§ Provided data
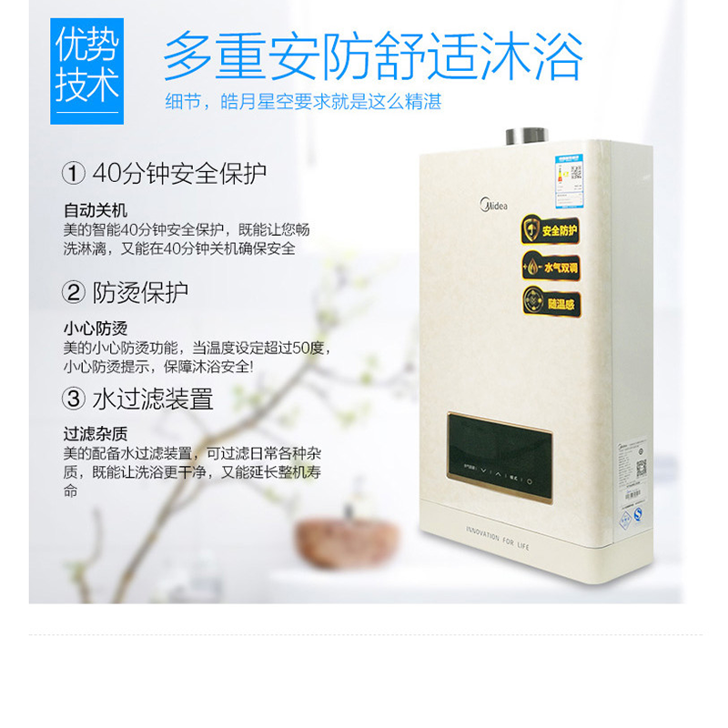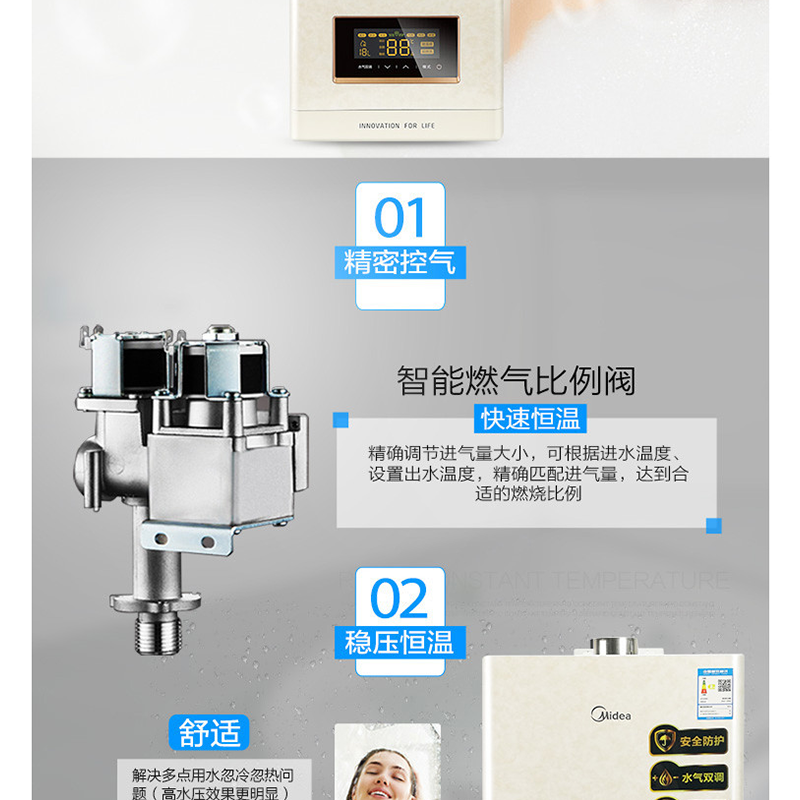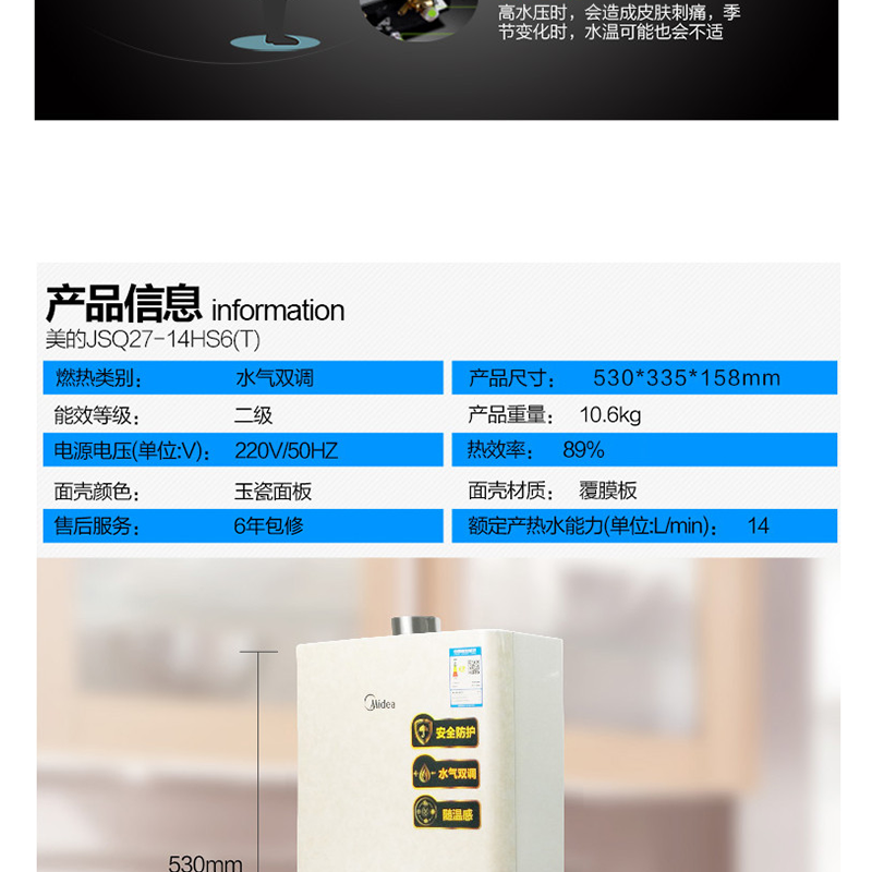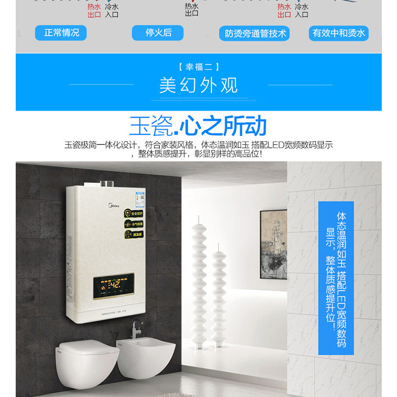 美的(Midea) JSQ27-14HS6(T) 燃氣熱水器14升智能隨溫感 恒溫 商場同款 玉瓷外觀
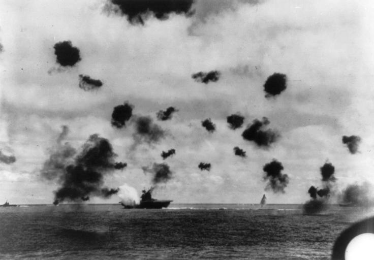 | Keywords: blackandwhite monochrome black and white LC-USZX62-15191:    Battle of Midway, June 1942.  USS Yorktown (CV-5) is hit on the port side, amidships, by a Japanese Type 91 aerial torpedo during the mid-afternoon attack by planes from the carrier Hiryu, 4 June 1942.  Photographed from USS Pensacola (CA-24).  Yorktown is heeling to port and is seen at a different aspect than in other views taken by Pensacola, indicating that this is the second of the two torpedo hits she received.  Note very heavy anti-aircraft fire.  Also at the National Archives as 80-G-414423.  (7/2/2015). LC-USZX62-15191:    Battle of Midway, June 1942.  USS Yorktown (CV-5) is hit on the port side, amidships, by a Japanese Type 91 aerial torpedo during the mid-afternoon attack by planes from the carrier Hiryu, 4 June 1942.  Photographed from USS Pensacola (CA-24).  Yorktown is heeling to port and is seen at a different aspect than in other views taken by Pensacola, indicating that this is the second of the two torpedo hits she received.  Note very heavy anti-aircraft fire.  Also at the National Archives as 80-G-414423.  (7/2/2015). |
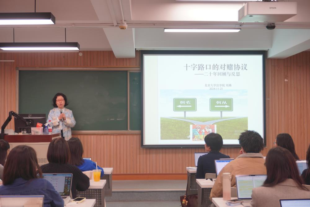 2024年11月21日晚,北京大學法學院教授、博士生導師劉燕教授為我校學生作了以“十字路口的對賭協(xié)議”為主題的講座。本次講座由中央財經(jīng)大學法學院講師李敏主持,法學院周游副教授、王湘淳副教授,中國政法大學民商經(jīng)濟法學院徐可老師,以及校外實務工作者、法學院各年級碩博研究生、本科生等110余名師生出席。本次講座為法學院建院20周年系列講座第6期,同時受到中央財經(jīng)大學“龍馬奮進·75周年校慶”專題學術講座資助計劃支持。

§ Try it
Write the listing above out again exactly, but not the images it holds.

§ Answer to this task
 美的(Midea) JSQ27-14HS6(T) 燃氣熱水器14升智能隨溫感 恒溫 商場同款 玉瓷外觀
 | Keywords: blackandwhite monochrome black and white LC-USZX62-15191:    Battle of Midway, June 1942.  USS Yorktown (CV-5) is hit on the port side, amidships, by a Japanese Type 91 aerial torpedo during the mid-afternoon attack by planes from the carrier Hiryu, 4 June 1942.  Photographed from USS Pensacola (CA-24).  Yorktown is heeling to port and is seen at a different aspect than in other views taken by Pensacola, indicating that this is the second of the two torpedo hits she received.  Note very heavy anti-aircraft fire.  Also at the National Archives as 80-G-414423.  (7/2/2015). LC-USZX62-15191:    Battle of Midway, June 1942.  USS Yorktown (CV-5) is hit on the port side, amidships, by a Japanese Type 91 aerial torpedo during the mid-afternoon attack by planes from the carrier Hiryu, 4 June 1942.  Photographed from USS Pensacola (CA-24).  Yorktown is heeling to port and is seen at a different aspect than in other views taken by Pensacola, indicating that this is the second of the two torpedo hits she received.  Note very heavy anti-aircraft fire.  Also at the National Archives as 80-G-414423.  (7/2/2015). |
 2024年11月21日晚,北京大學法學院教授、博士生導師劉燕教授為我校學生作了以“十字路口的對賭協(xié)議”為主題的講座。本次講座由中央財經(jīng)大學法學院講師李敏主持,法學院周游副教授、王湘淳副教授,中國政法大學民商經(jīng)濟法學院徐可老師,以及校外實務工作者、法學院各年級碩博研究生、本科生等110余名師生出席。本次講座為法學院建院20周年系列講座第6期,同時受到中央財經(jīng)大學“龍馬奮進·75周年校慶”專題學術講座資助計劃支持。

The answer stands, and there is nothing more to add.